Medida consolida-se, mas TVs demonstram ‘respeito contraditório’

Passados dois anos da entrada em vigor da Portaria 1.220/07 do Ministério da Justiça (MJ), que instituiu regras para a Classificação Indicativa na TV brasileira, o balanço oficial sugere uma adequação satisfatória das emissoras às exigências para a proteção dos direitos das crianças e adolescentes. As práticas e o discurso das empresas, entretanto, contrastam com a avaliação positiva feita pela pasta.

A resistência à classificação indicativa para as obras exibidas na TV – que chegou a ser taxada de “censura” por parte das emissoras e protelou por anos a publicação da portaria – não só parece ter esmorecido, como os critérios estabelecidos foram absorvidos pelas empresas na maioria dos casos. Os números registrados pelo Departamento de Justiça, Classificação, Títulos e Qualificação (Dejus) da Secretaria Nacional de Justiça apontam que o setor tem buscado respeitar a norma. Os programas que têm a classificação sugerida pelas emissoras indeferida por parte do MJ ficam em torno de 11% do total analisado. Ainda segundo o governo, os casos mais recorrentes de reclassificação envolvem uso de linguagem de conteúdo sexual e consumo de drogas lícitas.

A avaliação feita por uma das entidades da sociedade civil que mais ativamente atuaram pela regulamentação da classificação indicativa, a Agência de Notícias dos Direitos da Infância (Andi), também é positiva.
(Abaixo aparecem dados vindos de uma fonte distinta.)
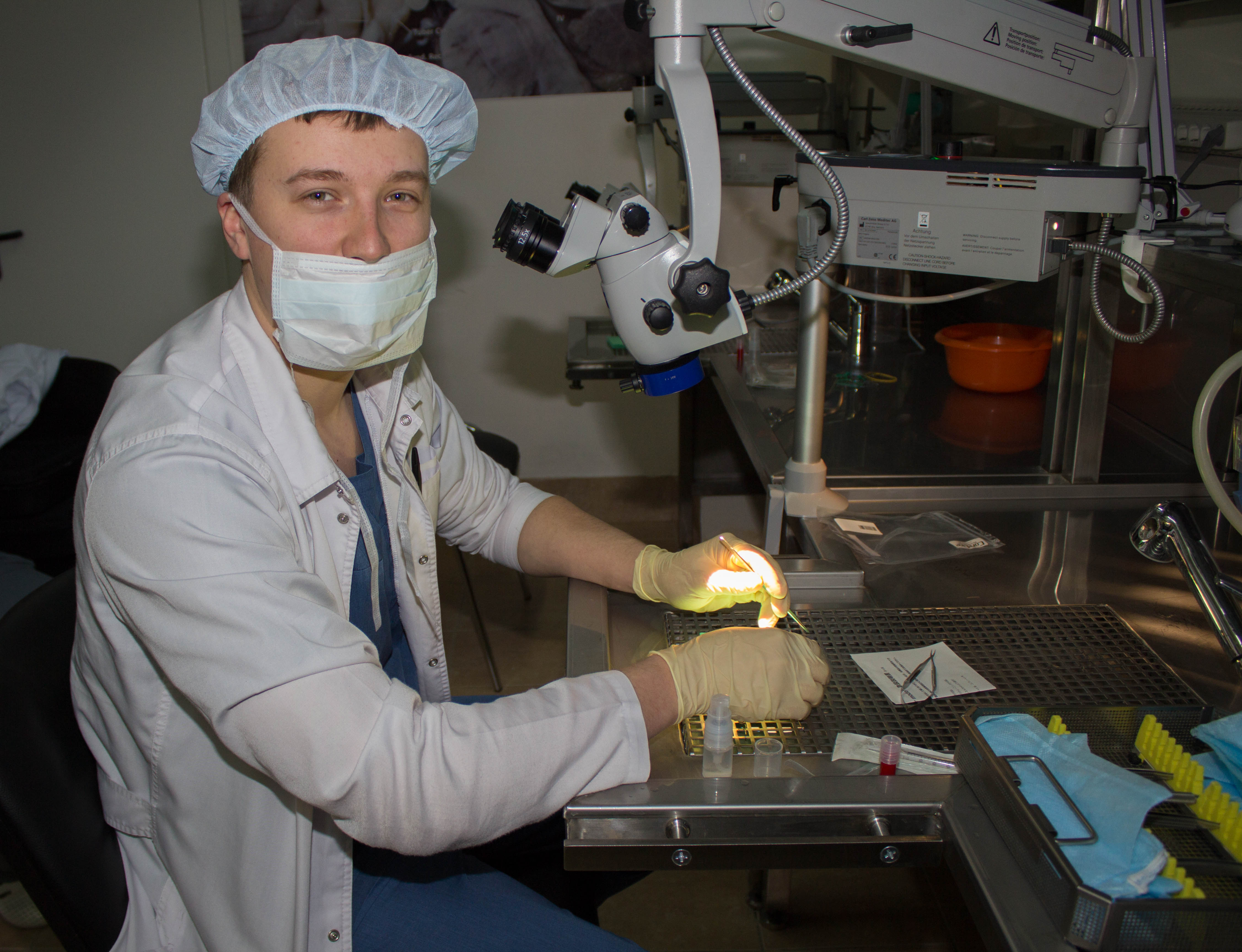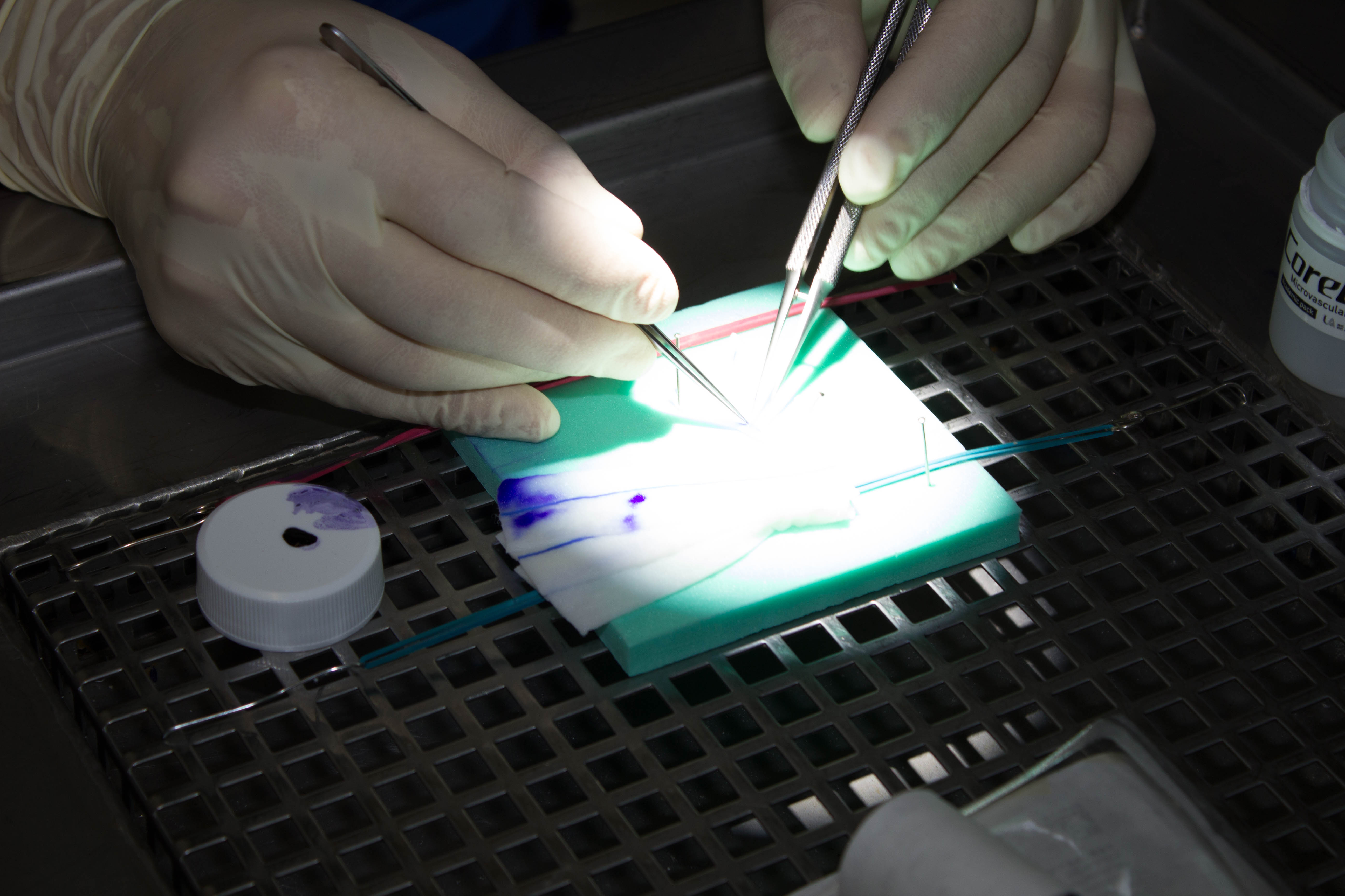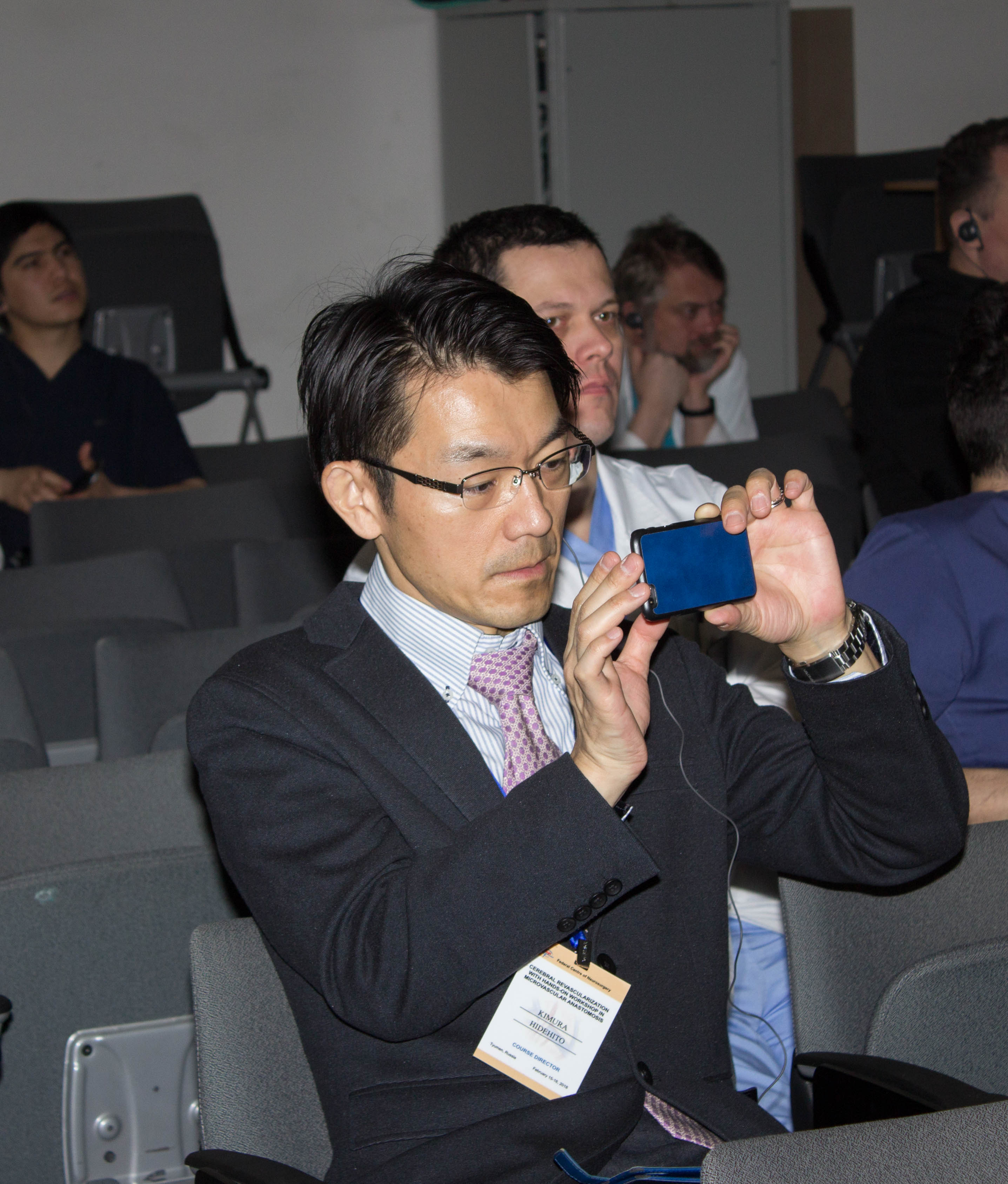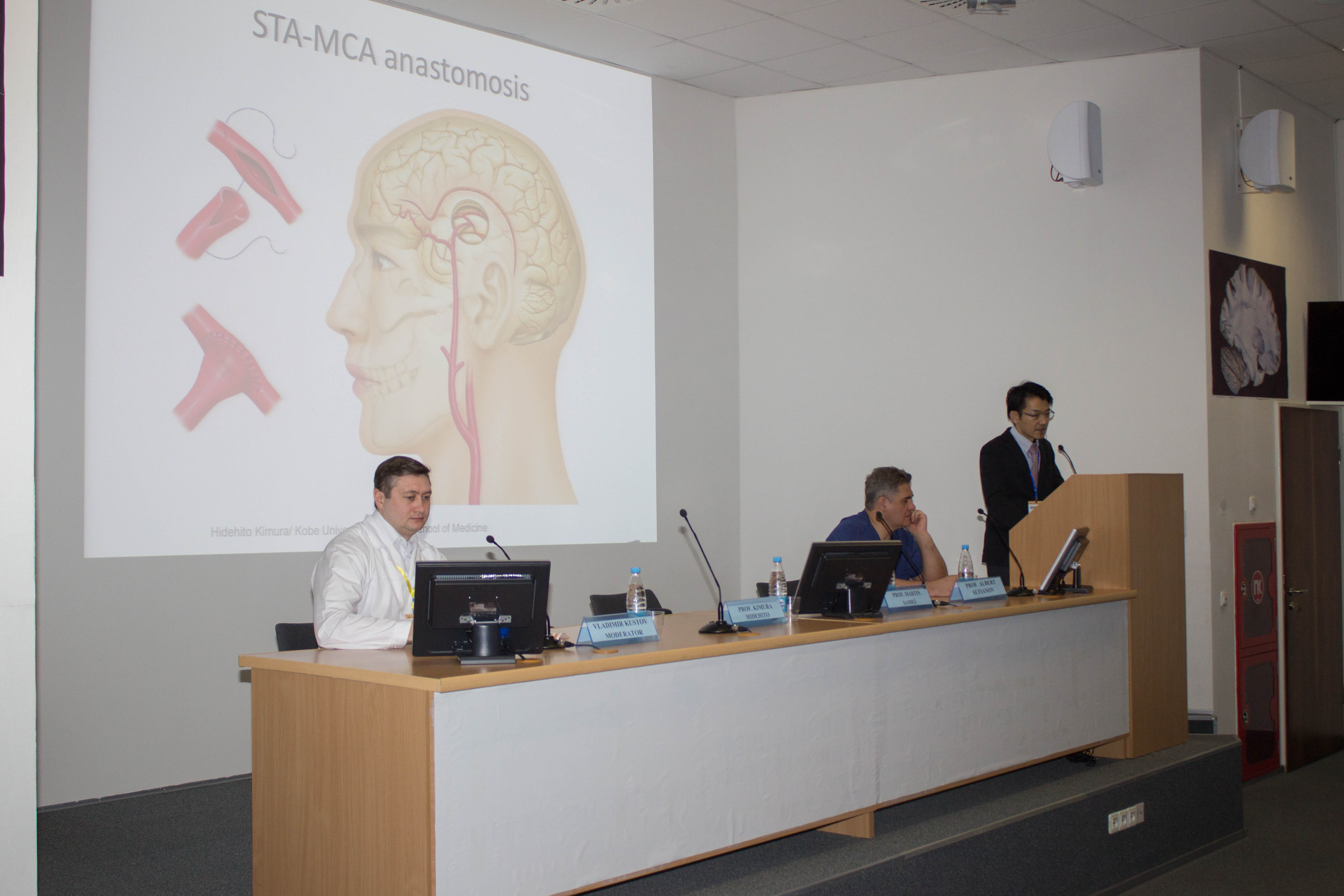 В первый день конференции профессор Кимура Хидехито провел лекцию на тему «Базовая техника микроанастомозов в сосудистой микрохирургии», а Мартин Самеш, гость из Чехии, рассказал об экстра-интракраниальном микроанастомозе (ЭИКМА). Затем прошел мастер-класс, на котором участники смогли отработать технику наложения швов на препаратах – куриных крыльях и бедрах.

Veet Vivarta, secretário-executivo da Andi, acredita que, se o mecanismo está implementado e funcionando, é porque ele está sendo incorporado pelas empresas de comunicação, aparentemente sem maiores problemas. “As questões como a da censura não se colocam para mais ninguém, ou seja, há uma normalidade no país com esse novo mecanismo, como aconteceu em outras democracias consolidadas”, avalia Vivarta.

O procedimento para classificação varia de acordo com a especificidade da obra ou programa. As reprises exibidas em horários diferentes da primeira versão precisam passar por avaliação prévia do MJ. Outras, como os programas jornalísticos ao vivo, não são passíveis de classificação. Contudo, a maioria das obras é classificada pela própria empresa, o que é chamado de autoclassificação. O Ministério da Justiça tem 60 dias para avaliar e deferir ou não a classificação feita pela empresa.

Na avaliação de Vivarta, a autoclassificação é um modelo saudável porque exige responsabilidade de todos os envolvidos no processo. “A autoclassificação fortalece a classificação indicativa porque envolve os criadores na defesa dos direito da criança e do adolescente. Mas é um modelo de grande responsabilização, então é preciso que o MJ fiscalize”, acrescenta.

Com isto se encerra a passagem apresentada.